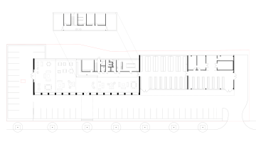Návrh zachovává původní objem hal a pracuje především s jejich vnitřní reorganizací a jasným urbanistickým členěním na dvě části – showroom a sklad. Sjednocením atiky vzniká čitelná kompozice, která definuje jednotlivé provozy a zároveň sjednocuje výraz celku. Přední část objektu je orientována do ulice a formována jako aktivní parter s výlohami, zatímco zázemí směrem k železnici zůstává utilitární.
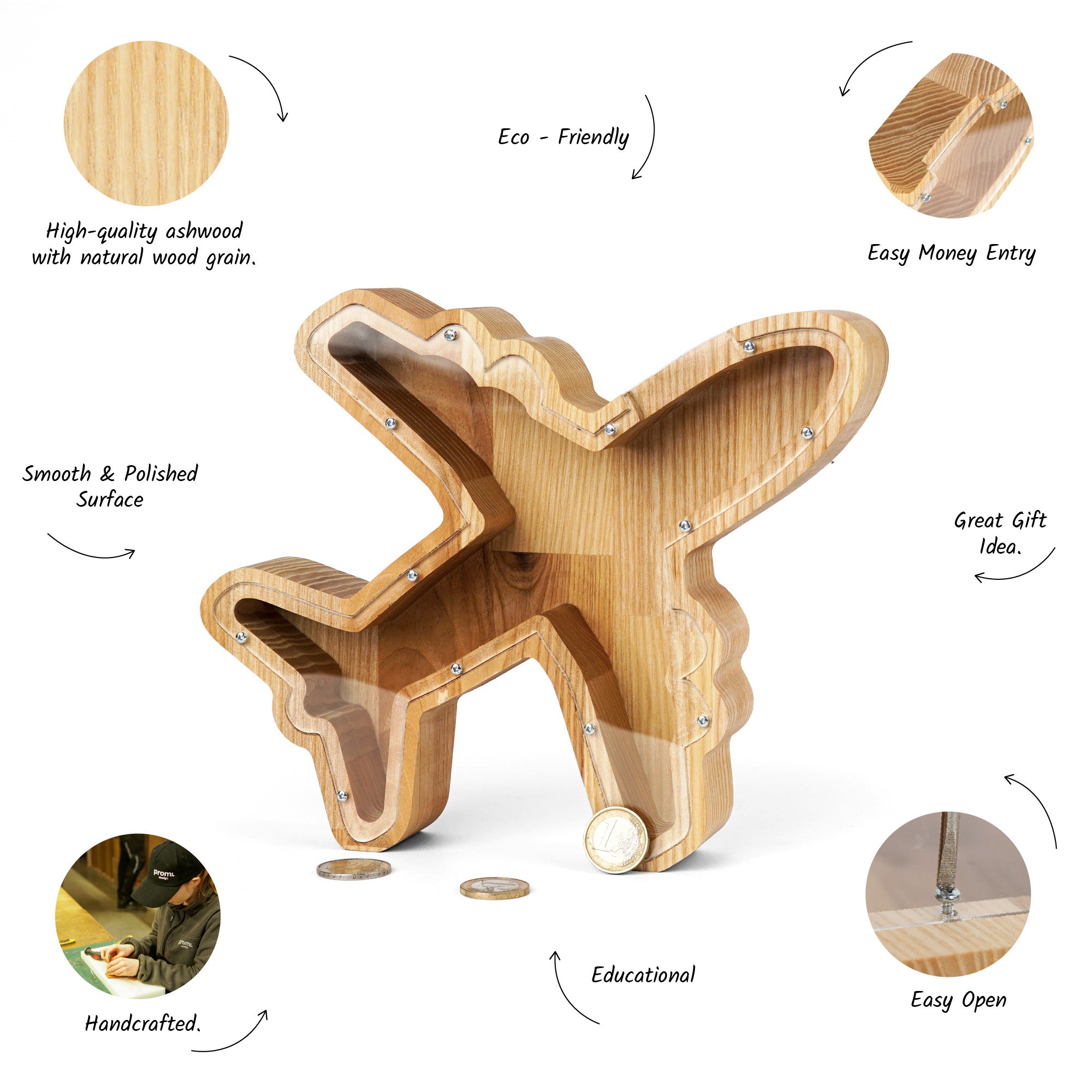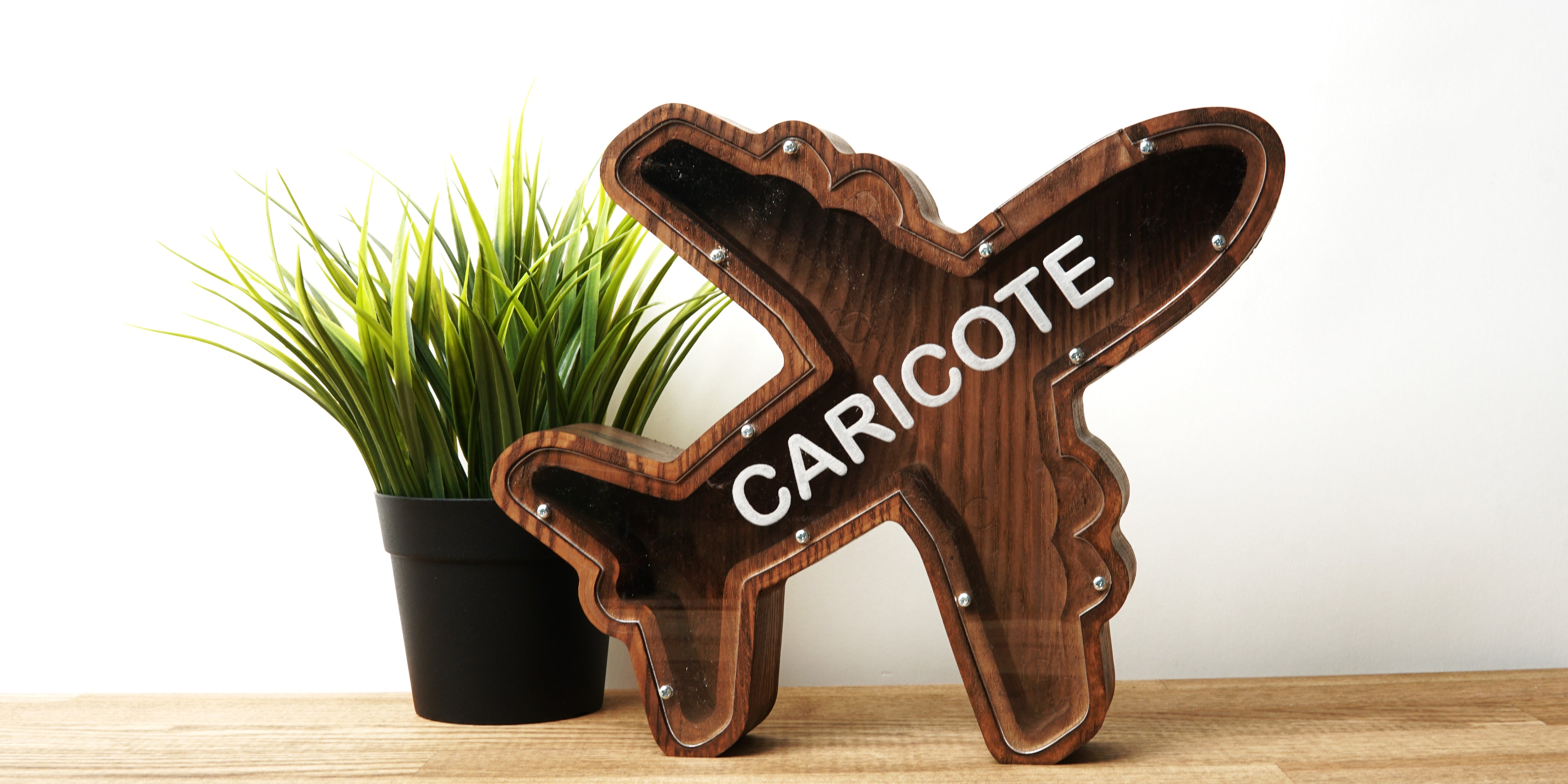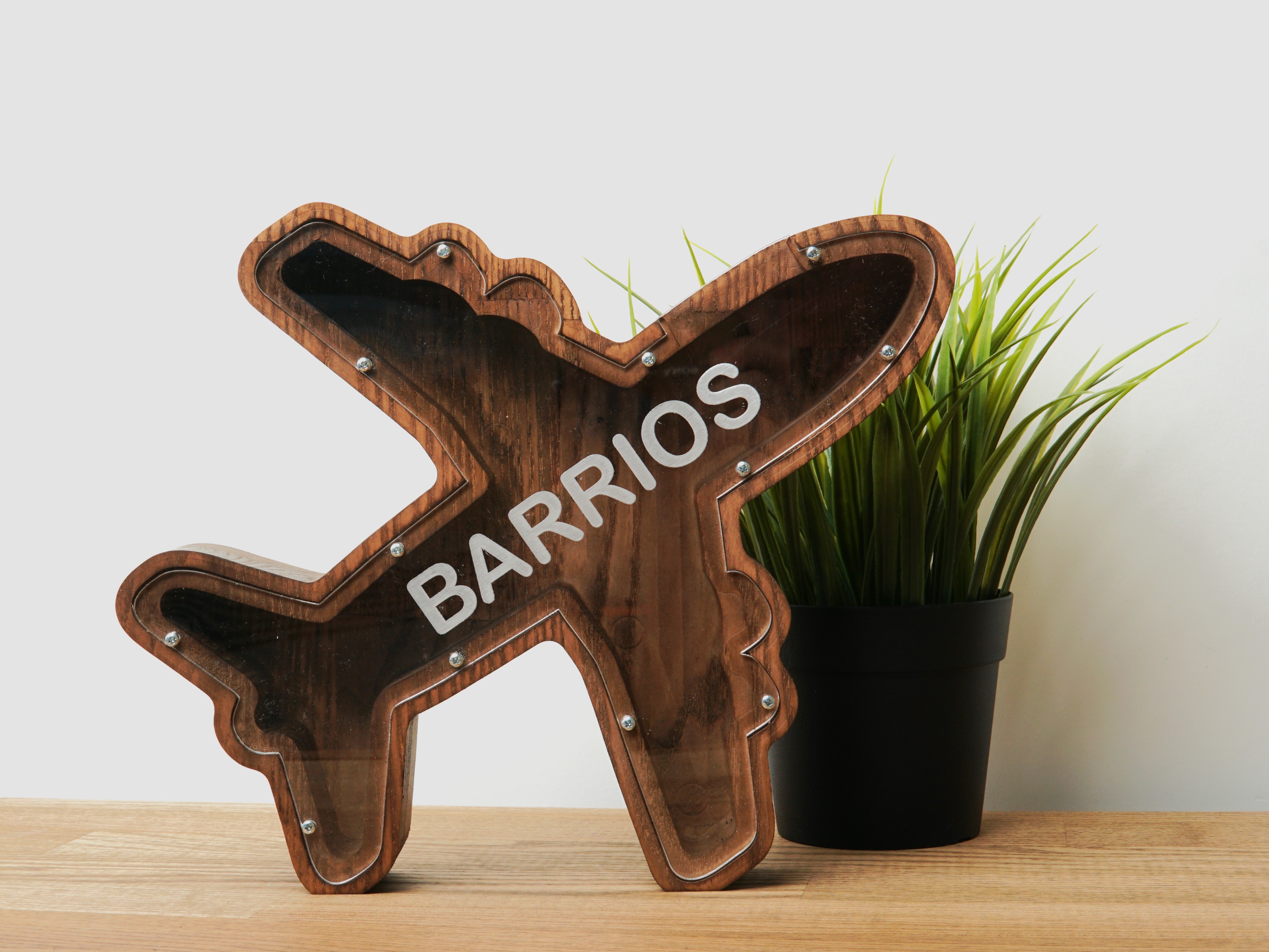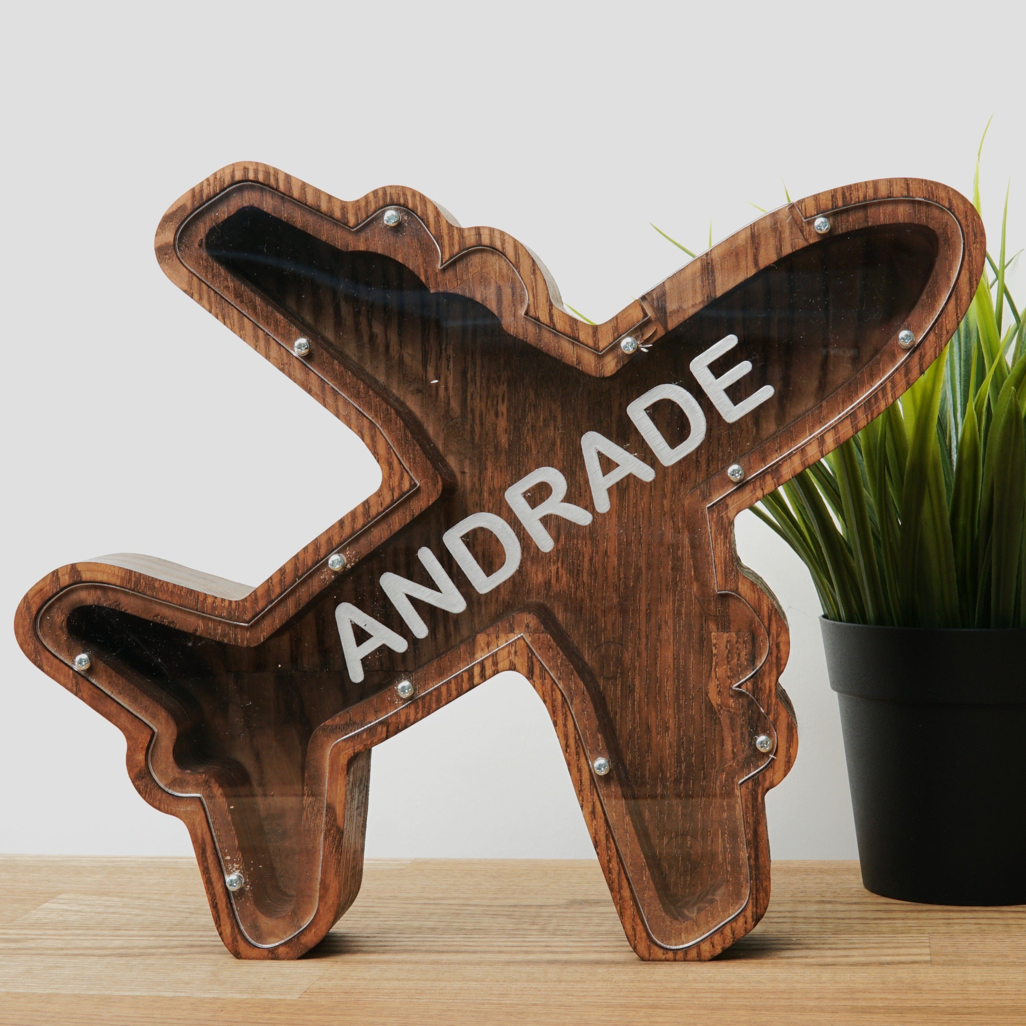 Plane-Shaped Piggy Bank, Wooden Coin Bank for Kids, Home or Office, Desk Accessory, and Decorative Money Box
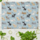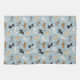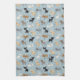 Perros chihuahua con abrigos negros, marrones, tan, crema, grises y azules sentados y parados con huesos de perro dispersos y huellas de pata sobre un fondo azul claro.
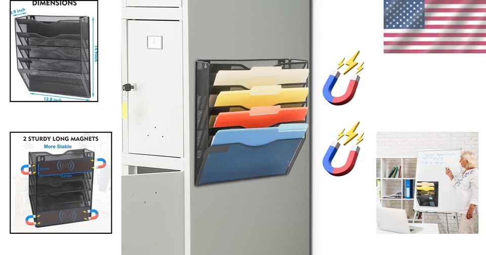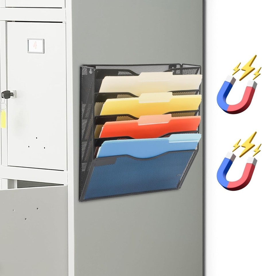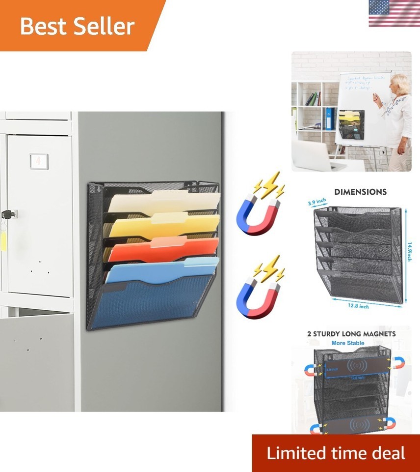 Versatile 5 Pocket Wall-Mounted File Rack - Perfect for Home, School, or Office
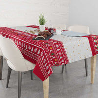 Austria Christmas Tablecloth with Frohe Weihnachten Angel Design and Red White Holiday
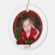 Ornamento de primera Navidad de Babys con flores tradicionales y diseño de corona roja. El texto es totalmente personalizable. Añade tu información o cámbiala por completo. La plantilla se puede utilizar para cualquier imagen de Navidad. Simplemente cambie el texto para adaptarlo a sus necesidades.
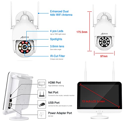 [Caméra avec Lumière] ANRAN 5MP Kit Caméra de Surveillance WiFi Extérieur, 8CH Système de Caméras de Sécurité sans Fil avec 13″ Moniteur avec 4 Caméras Dôme Pivotant à 360, Fonction Intercom, 2TB HDD
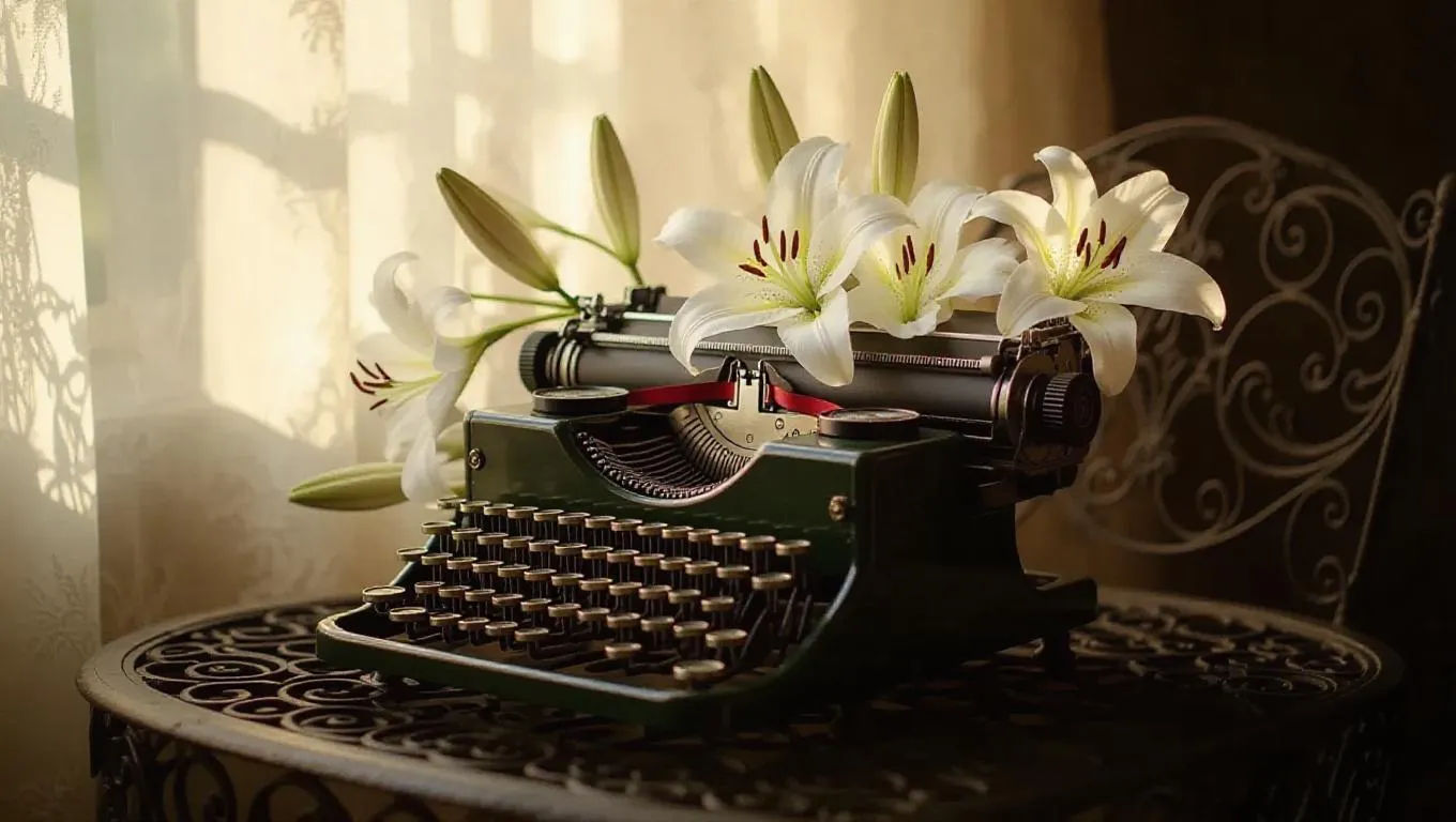 An antique typewriter with elegant, blooming lilies sprouting from the keys and carriage, creating a whimsical blend of vintage charm and natural beauty. The typewriter rests on a dark wrought iron table, surrounded by soft, warm sunlight streaming through curtains, enhancing the serene and magical atmosphere.
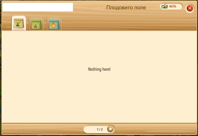 Така остава след обирането. След рестарт на игра, браузър, кеш и т.н. се вижда, че нищо не е обрано. Опитах да насея полетата с нещо, но са изчезнали семената.

+ + + + + + +

About this task: When copying the material, leave every image behind and keep each line verbatim.

Response below:
Návrh zachovává původní objem hal a pracuje především s jejich vnitřní reorganizací a jasným urbanistickým členěním na dvě části – showroom a sklad. Sjednocením atiky vzniká čitelná kompozice, která definuje jednotlivé provozy a zároveň sjednocuje výraz celku. Přední část objektu je orientována do ulice a formována jako aktivní parter s výlohami, zatímco zázemí směrem k železnici zůstává utilitární.
 Plane-Shaped Piggy Bank, Wooden Coin Bank for Kids, Home or Office, Desk Accessory, and Decorative Money Box
 Perros chihuahua con abrigos negros, marrones, tan, crema, grises y azules sentados y parados con huesos de perro dispersos y huellas de pata sobre un fondo azul claro.
 Versatile 5 Pocket Wall-Mounted File Rack - Perfect for Home, School, or Office
 Austria Christmas Tablecloth with Frohe Weihnachten Angel Design and Red White Holiday
 Ornamento de primera Navidad de Babys con flores tradicionales y diseño de corona roja. El texto es totalmente personalizable. Añade tu información o cámbiala por completo. La plantilla se puede utilizar para cualquier imagen de Navidad. Simplemente cambie el texto para adaptarlo a sus necesidades.
 [Caméra avec Lumière] ANRAN 5MP Kit Caméra de Surveillance WiFi Extérieur, 8CH Système de Caméras de Sécurité sans Fil avec 13″ Moniteur avec 4 Caméras Dôme Pivotant à 360, Fonction Intercom, 2TB HDD
 An antique typewriter with elegant, blooming lilies sprouting from the keys and carriage, creating a whimsical blend of vintage charm and natural beauty. The typewriter rests on a dark wrought iron table, surrounded by soft, warm sunlight streaming through curtains, enhancing the serene and magical atmosphere.
 Така остава след обирането. След рестарт на игра, браузър, кеш и т.н. се вижда, че нищо не е обрано. Опитах да насея полетата с нещо, но са изчезнали семената.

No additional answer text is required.